この方法であれば、自作のクラスをセーブデータに含めることができます。

なぜ、これが必要なのか?

ここから先はJavaScriptの文法や実行形式がどうなっているかを知っていれば、なんとなく考え付く方法です。
普通にツクールでゲームを作る上ではこの知識が必要になるのはプラグイン作者のみですので、知らなくていいです。

JavaScriptでクラス(ここでは旧来のprototypeを用いたものを含む)のメソッドを呼び出す場合、型定義であるprototypeが必要です。

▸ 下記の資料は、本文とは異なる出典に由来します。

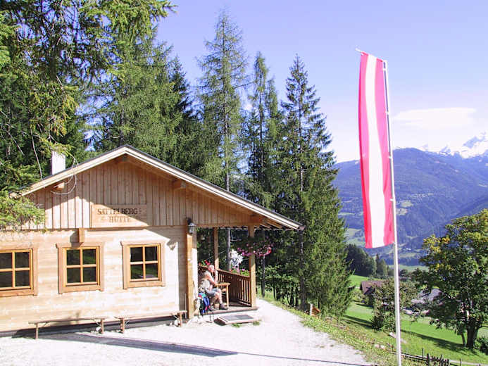 Auf der Sattelberghütte saisonale Spezialitäten und regionale Gerichte serviert. Unbedingt den hausgemachten Schoko- und Topfenkuchen probieren!
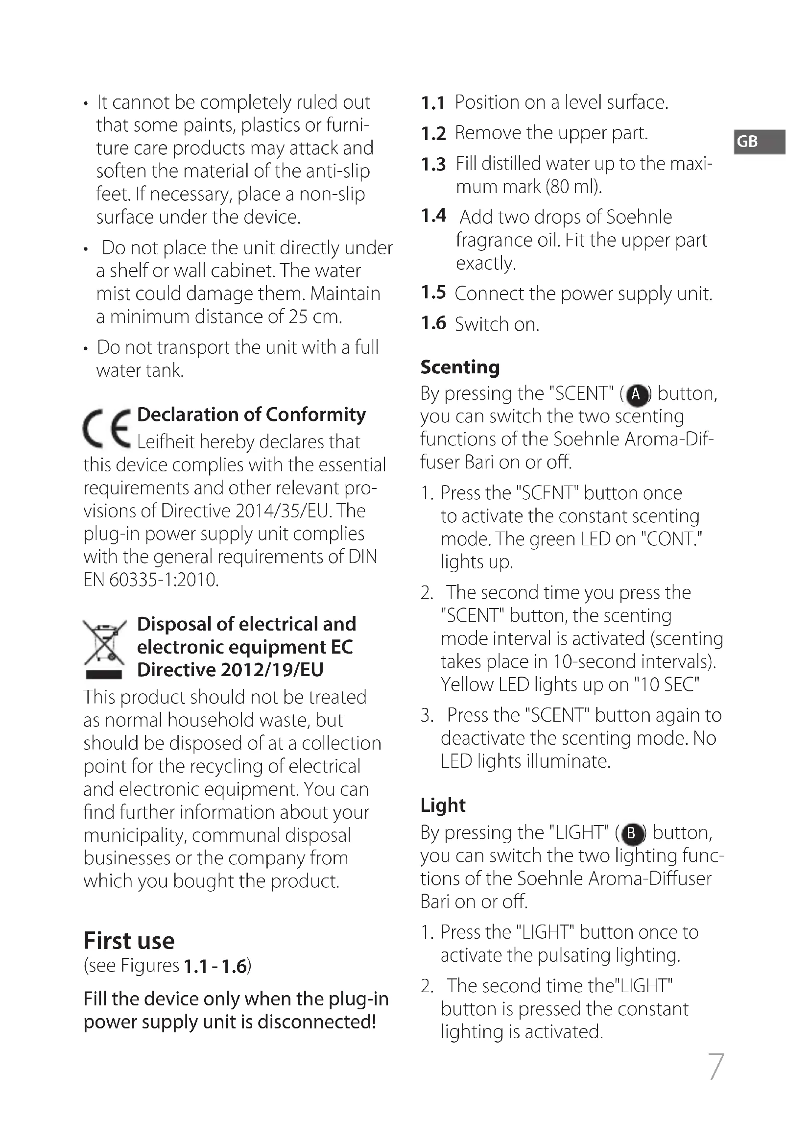 - Do not transport the unit with a full water tank. Declaration of Conformity Leifheit hereby declares that this device complies with the essential requirements and other relevant pro- visions of Directive 2014/35/EU. The plug-in power supply unit complies with the general requirements of DIN EN 60335-1:2010. Disposal of electrical and electronic equipment EC Directive 2012/19/EU This product should not be treated as normal household waste, but should be disposed of at a collection point for the recycling of electrical and electronic equipment. You can find further information about your municipality, communal disposal businesses or the company from which you bought the product. First use (see Figures
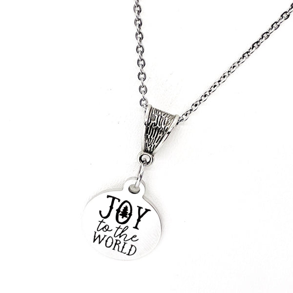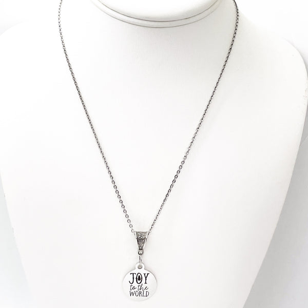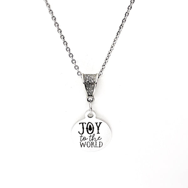 This is a stainless steel laser engraved pendant on a stainless steel link chain. The pendant says “Joy to the World”.
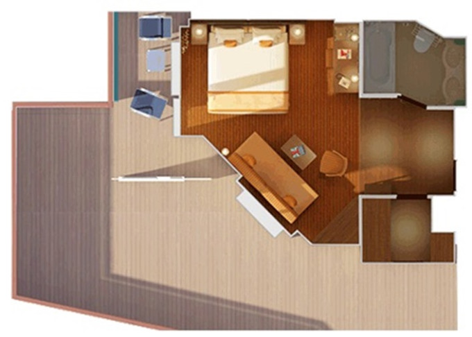 | 6T - Vnější kajuta Cloud 9 Spa / omezený výhled 20 m². Neotevíratelné okno / omezený výhled. Volný vstup do Cloud 9 Spa a balíček Cloud 9 Spa. | 42 310 Kč 21 155 Kč za osobu |
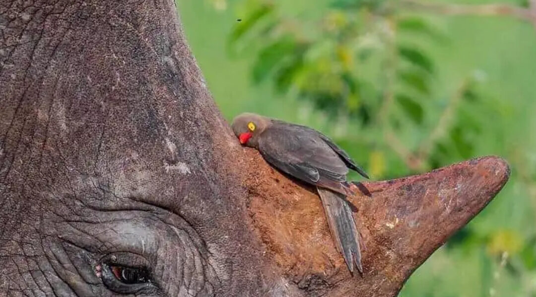 The bond between rhinos and oxpeckers is one of nature’s most fascinating partnerships. The birds spend their days perched on the backs of these gentle giants, plucking parasites and insects from their skin. The rhinos, in turn, tolerate — even welcome — their tiny companions. Locals often refer to the oxpecker as the “rhino’s guard,” because it chirps loudly whenever danger approaches, warning the rhino before its poor eyesight can.
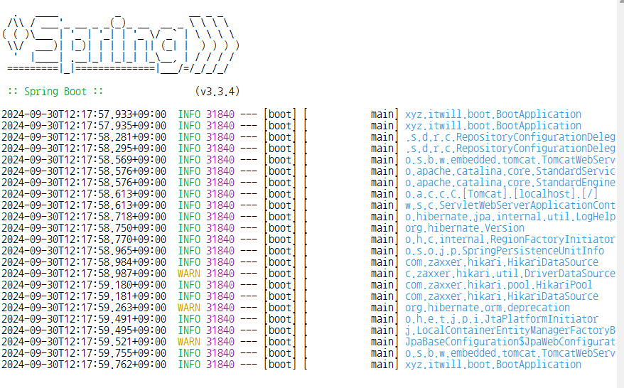 부트는 내장된 톰캣이 실행되어 아파치 톰캣을 사용할 필요가 없음.
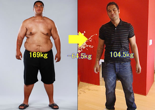 (注:元の体重が大きかったからこそ、大きく体重減が出来たのであって、元々こんなに太ってない人が減量しても、これ程の減量は不可能です。 また、減量には代謝率など個人差があるので、無理をしないように気を付けましょう)
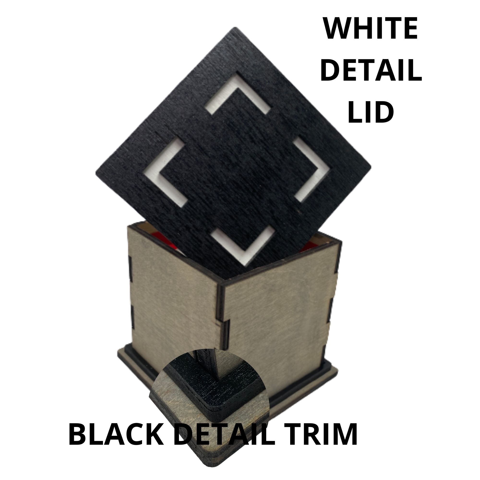 Measuring 5″ on each side, this wooden lantern is the perfect size for a table, mantle, or bedside display. Stained in a versatile grey tone and topped with a sleek black-painted lid. In addition the lid features matching cutouts on the top to echo the side designs. The contrast between the grey and black adds a sophisticated touch—making it both nerdy and elegant.
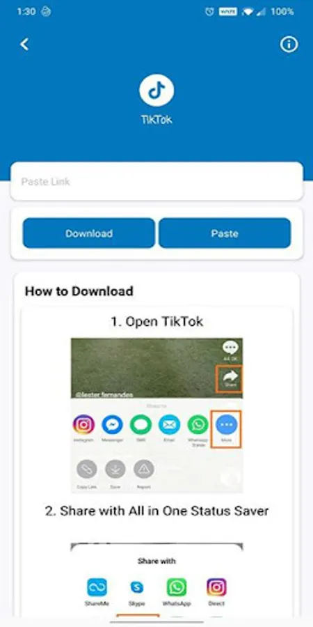 3. Tiktok Video Downloader : Eazy Video Downloder can download TikTok videos by copy pasting its link or sharing video to Eazy Video Downloder.
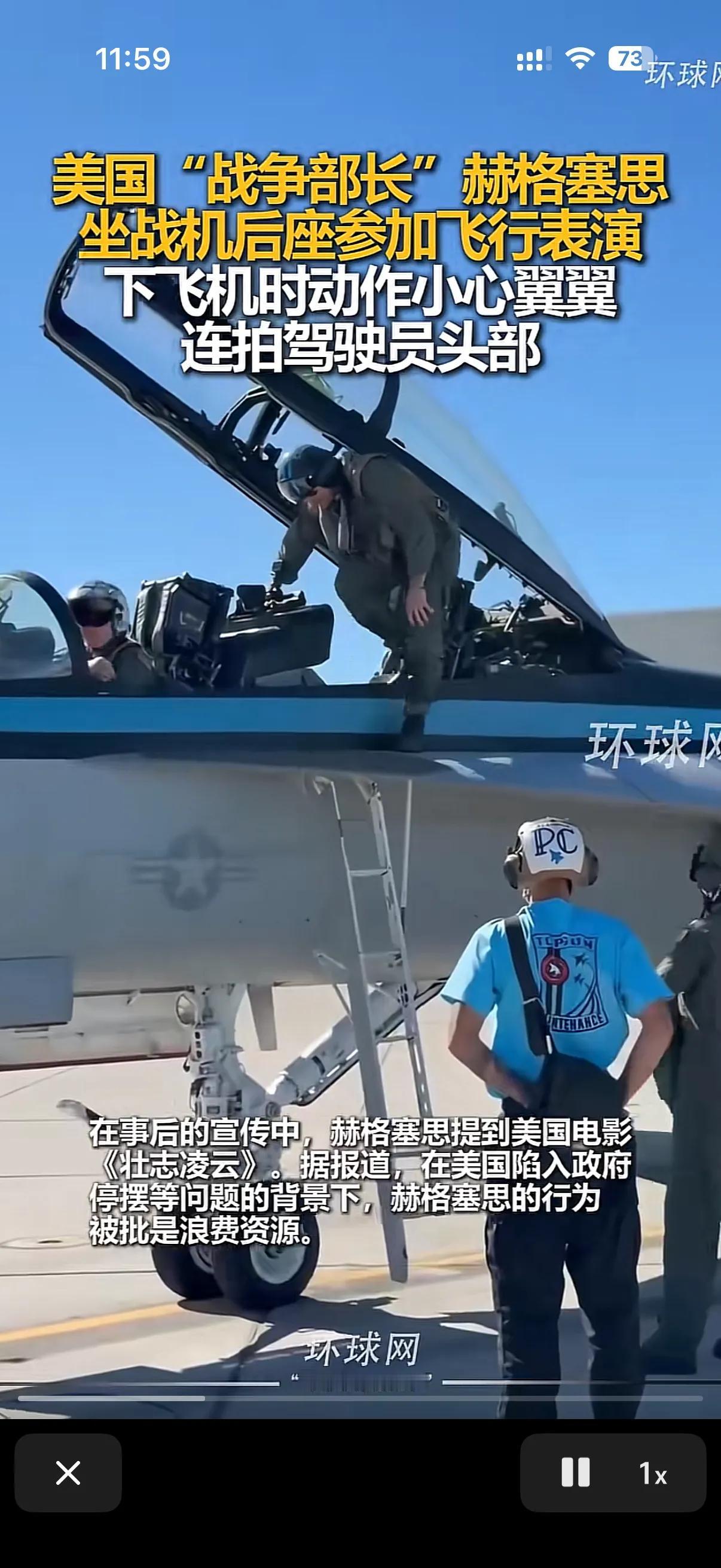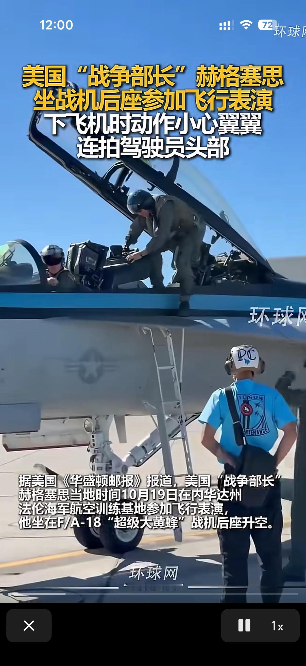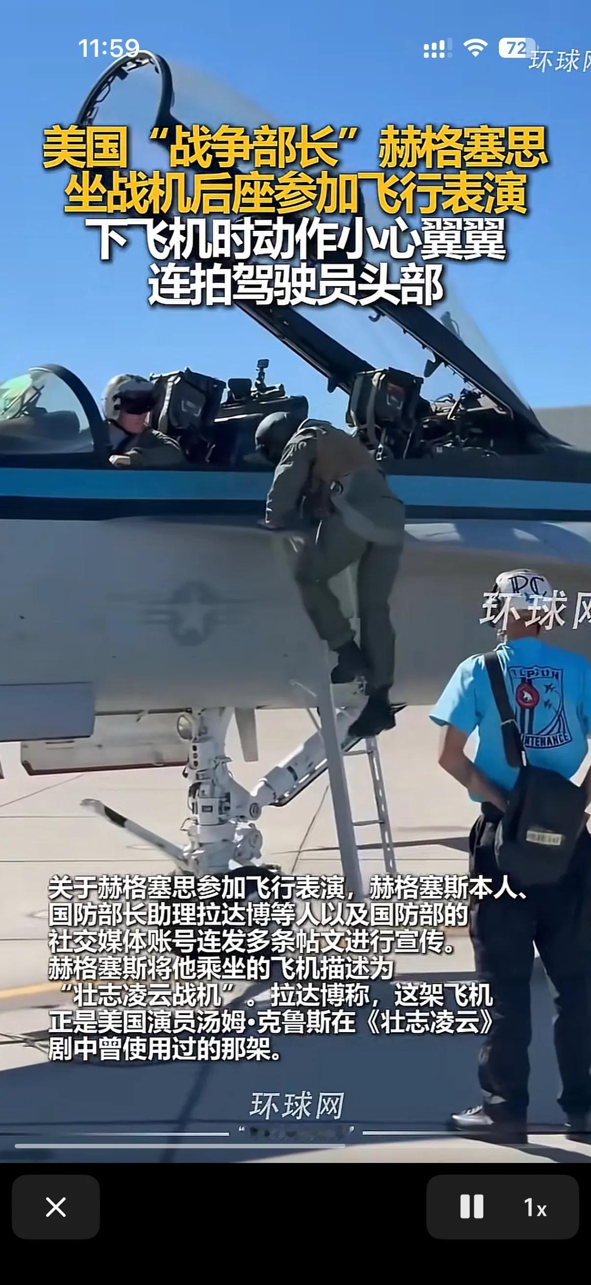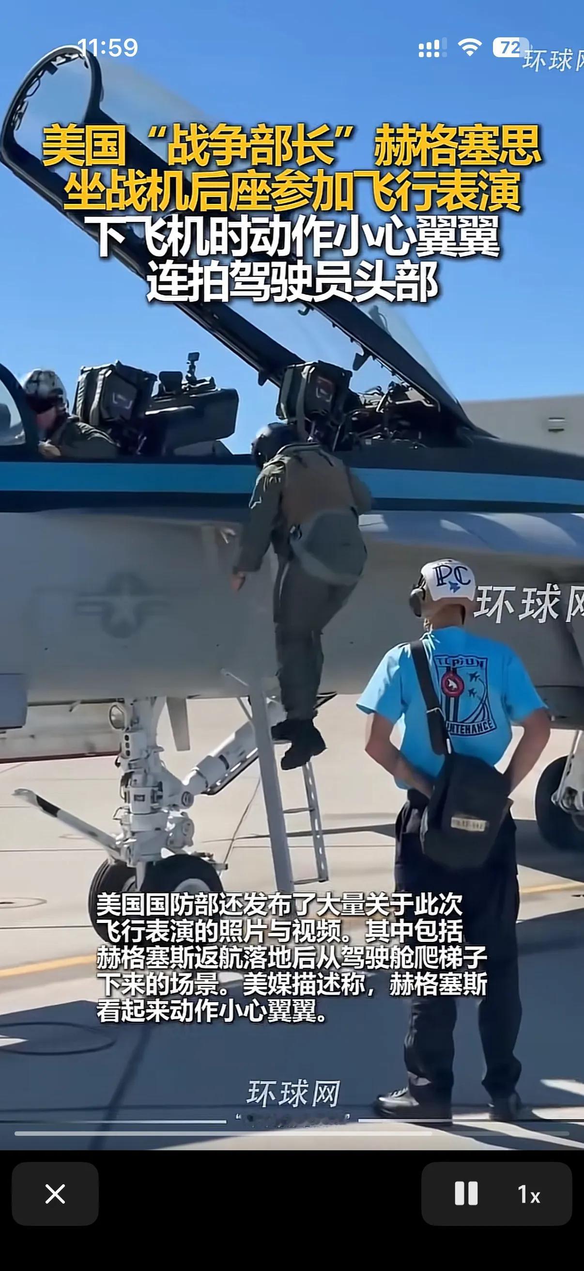 美国战争部长,就是那个配合特朗普把美国驻全世界将军都叫回来开会,然后让将军们都进行体能训练的原美国国防部长赫格赛斯,在坐美国战机后座参加飞行表演后,和上机时候的矫捷不同,在视频画面里,很明显的看出来,赫格赛斯在下飞机的时候显得小心翼翼很多,并且在下飞机的时候还拍了下飞行员的头盔! 有媒体解读这是赫格赛斯对飞行员的驾驶技术的肯定和鼓励,但是也有媒体说,在飞行表演的过程中,飞行员明显是动作过猛给赫格赛斯吃了暗亏,毕竟在军方里很多人对赫格赛斯抓考勤试体能训练抱有不满! 在事后的宣传发言中,赫格赛斯还特意提了美国电影壮志凌云,因为赫格赛斯所乘坐的战机正是美国演员汤姆克鲁斯曾使用过的那架,如果是巧合的话那可就真的很巧了!

prototypeというのはC++であれば仮想関数テーブルに相当します。
actor.setName("ああああ")といった感じでアクターの名前を「ああああ」に変更すると仮定します。
すると、内部ではこんな感じの処理が走ります。
(大雑把な解説ですので、厳密には違う可能性があります)

function callFunction(_functionName,_this,_args){
  var proto = _this.__proto__
  var func = proto[_functionName];
  if(func){
    func.apply(_this,args);
  }else{
     thorw new Error("undefined error");
  }
}

大体こんな動きをします。
特にif文の下は見覚えがある方もいるでしょう。
クラスの初期化に使っているアレです。

セーブデータ読み込みの実態

ツクールMVでセーブデータを読み込む場合、JsonEx._decode()という関数があります。
丸ごと中身を引用します。

rpg_core.js
JsonEx._decode = function(value, circular, registry) {
    var type = Object.prototype.toString.call(value);
    if (type === '[object Object]' || type === '[object Array]') {
        registry[value['@c']] = value;

        if (value['@']) {
            var constructor = window[value['@']];
            if (constructor) {
                value = this._resetPrototype(value, constructor.prototype);
            }
        }
        for (var key in value) {
            if (value.hasOwnProperty(key)) {
                if(value[key] && value[key]['@a']){
                    //object is array wrapper
                    var body = value[key]['@a'];
                    body['@c'] = value[key]['@c'];
                    value[key] = body;
                }
                if(value[key] && value[key]['@r']){
                    //object is reference
                    circular.push([key, value, value[key]['@r']])
                }
                value[key] = this._decode(value[key], circular, registry);
            }
        }
    }
    return value;
};

これが何をしているかというと、文字列の状態のJSONを再帰的にたどってデータをクラスとして使える状態にしています。
関数の再起呼びだしにfor in文だとか、prototypeへthis._resetPrototype()で型情報を取り付けるなど上級者向けテクニックのオンパレードです。
ただ、セーブデータの復元方法として比較的オーソドックスな方法です。

いよいよ本題です。

class Game_Quests{
//中略
}
window[Game_Quests.name] = Game_Quests;

序盤で書いた、このおまじないの意味を説明します。
windowというのは、JavaScriptの実行においてrootにあたるオブジェクトです。
グローバル名前空間で関数を宣言すると、ここに追加されます。
しかし、class構文の使えるstrictモードは通常の処理と名前空間が異なり、strictモード内で宣言した変数は通常モードからは見えません。
そのため、strictでない空間に持っていく必要があるのです。

少し前の読み込みの内部実装でこんな場所がありましたよね?

rpg_core.js

        if (value['@']) {
            var constructor = window[value['@']];
            if (constructor) {
                value = this._resetPrototype(value, constructor.prototype);
            }
        }

これのwindowはwindow[Game_Quests.name] = Game_Quests;で何かを代入されているwindowと同じです。
これによって、グローバル名前空間から型情報に対応したprototypeを探しているのです。
(厳密に言えば、functionの下にぶら下がっているprototypeではないですが、重箱の隅をつついてもしょうがないので無視します)
JavaScriptの様々なオブジェクトは結局はどれも連想配列です。
それを複雑な使い方で仮想関数・メンバ変数・その他もろもろを実現しているというわけです。

終わりに

長かったですが、こんな話はごく一部のプラグイン作者が知っていればいいだけの話です。
普通にゲームを作る上では必要ないです。
ただ、知っているとたまに…役に立ちます。